Kiedy powstanie przychód u pracownika będącego w podróży służbowej? Joanna Aleksiejczuk odpowiada, że o przychodzie można mówić, gdy po stronie podatnika powstaje wymierna korzyść.
– Poniesienie kosztów noclegu przez pracodawcę we wspomnianej sytuacji nie tworzy po stronie pracownika korzyści, a tym samym przychód po jego stronie nie powinien powstać – argumentuje ekspert z MDDP.

Rozliczenie szefa

Skoro tyle problemów powstaje przy rozliczeniu podatkowym pracowników mobilnych, pozostaje wyjaśnić, co z rozliczeniami pracodawcy. Łukasz Kosonowski, doradca podatkowy, konsultant w MDDP, stwierdza, że zaliczenie wydatków podróży służbowych pracowników mobilnych do kosztów uzyskania przychodu ich pracodawców nie powinno rodzić wątpliwości. Organy podatkowe potwierdzają, że w ustawach podatkowych nie zawarto ani zakazu, ani ograniczenia co do możliwości zaliczenia do kosztów wydatków poniesionych przez pracodawcę na diety bądź inne należności wypłacane w związku z odbywaniem podróży służbowych pracowników, nawet jeśli nie spełniają one warunków diety z rozporządzenia.

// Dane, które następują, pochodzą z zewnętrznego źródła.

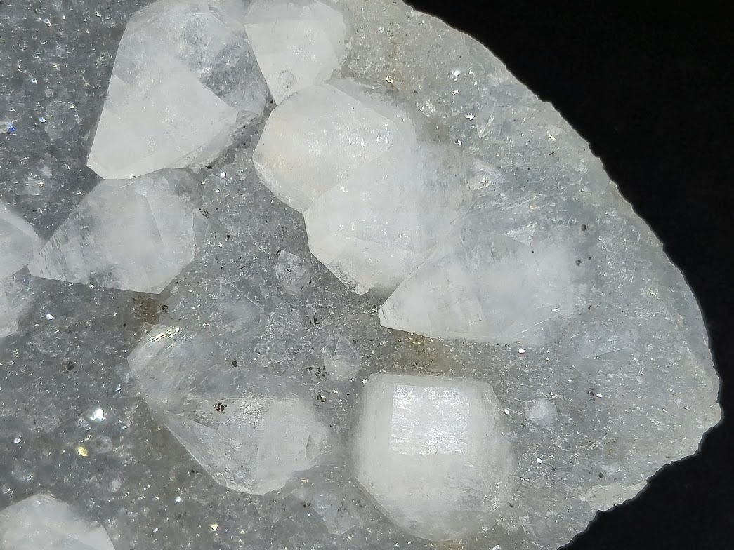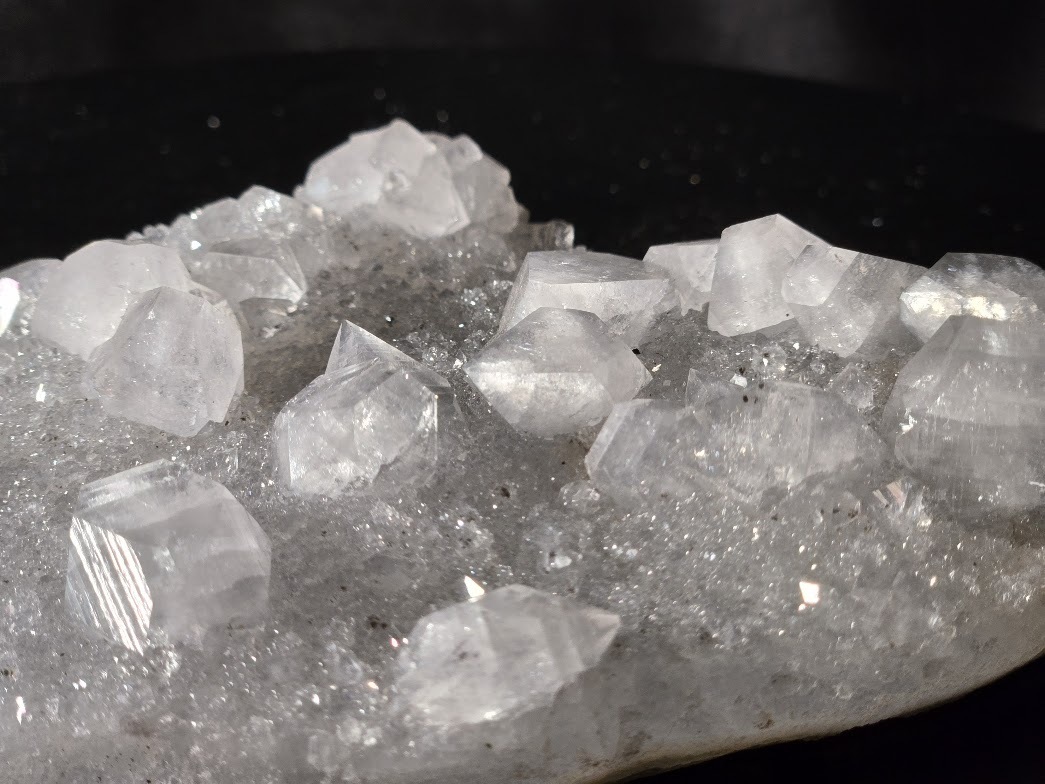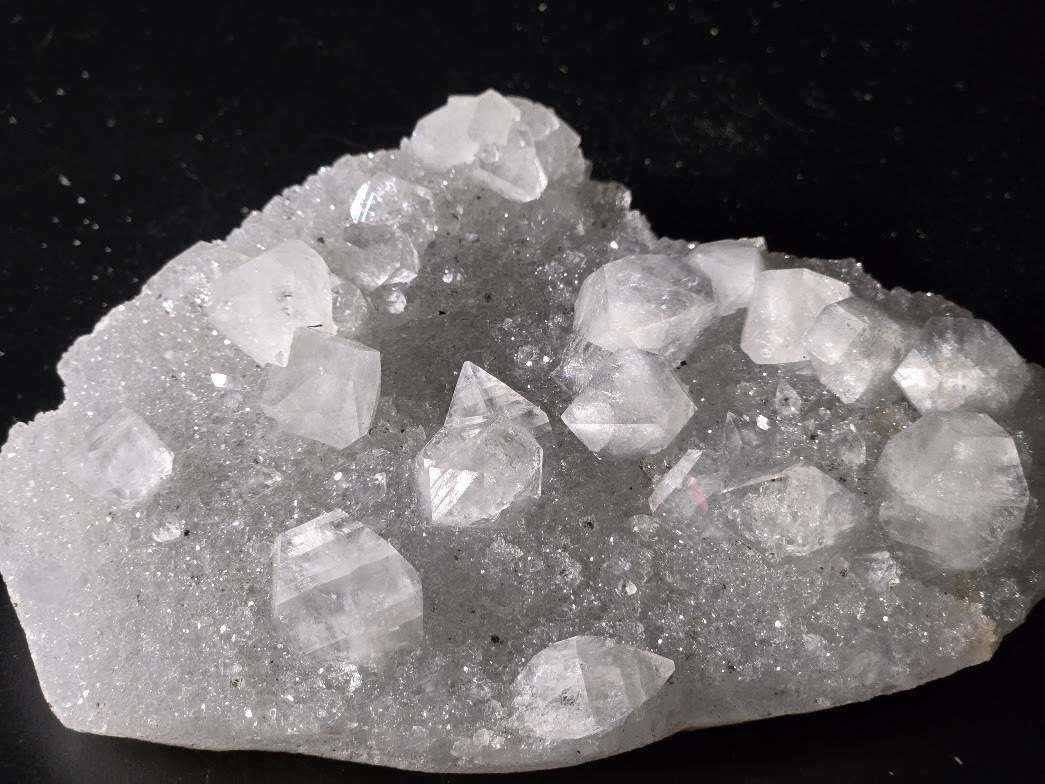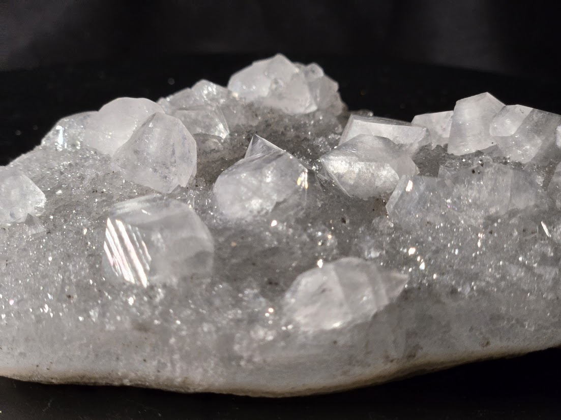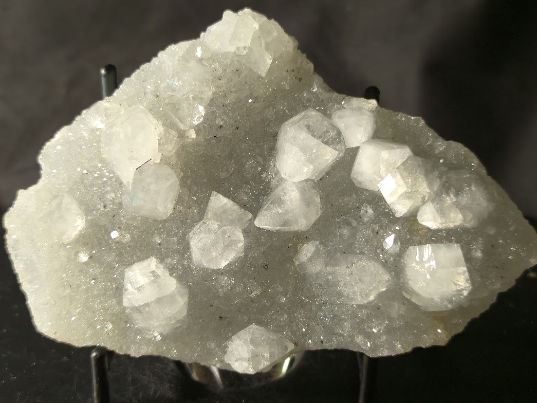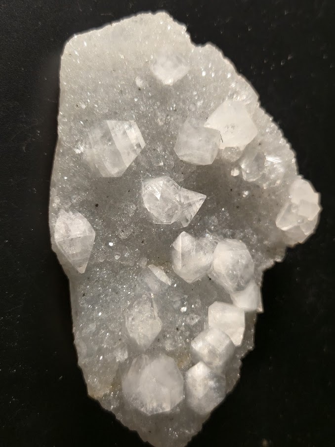Apophyllite Rare Collectible Mineral Specimen with distinctive translucent cubic, tabular, or pyramidal crystals on gray chalcedony.

– Niezależnie od tego, czy środki pieniężne będą elementem wynagrodzenia czy też dietą lub inną należnością, wypłacaną w związku z podróżami służbowymi pracowników, czy też będą zwrotem wydatków w innym zakresie niż w rozporządzeniu mogą stanowić u pracodawcy koszt, jeśli zostały poniesione w celu osiągnięcia przychodów bądź zachowania albo zabezpieczenia źródła przychodów – tłumaczy Łukasz Kosonowski.
Wyjaśnia też, że gdy przedstawiciel handlowy, do którego zadań należy zdobywanie klienta na danym obszarze, będzie musiał przenocować w hotelu, za który płaci pracodawca, pracodawca może zaliczyć w koszty wydatki zwrotu kosztów noclegów, ponieważ pozostają w związku z prowadzoną działalnością gospodarczą podatnika.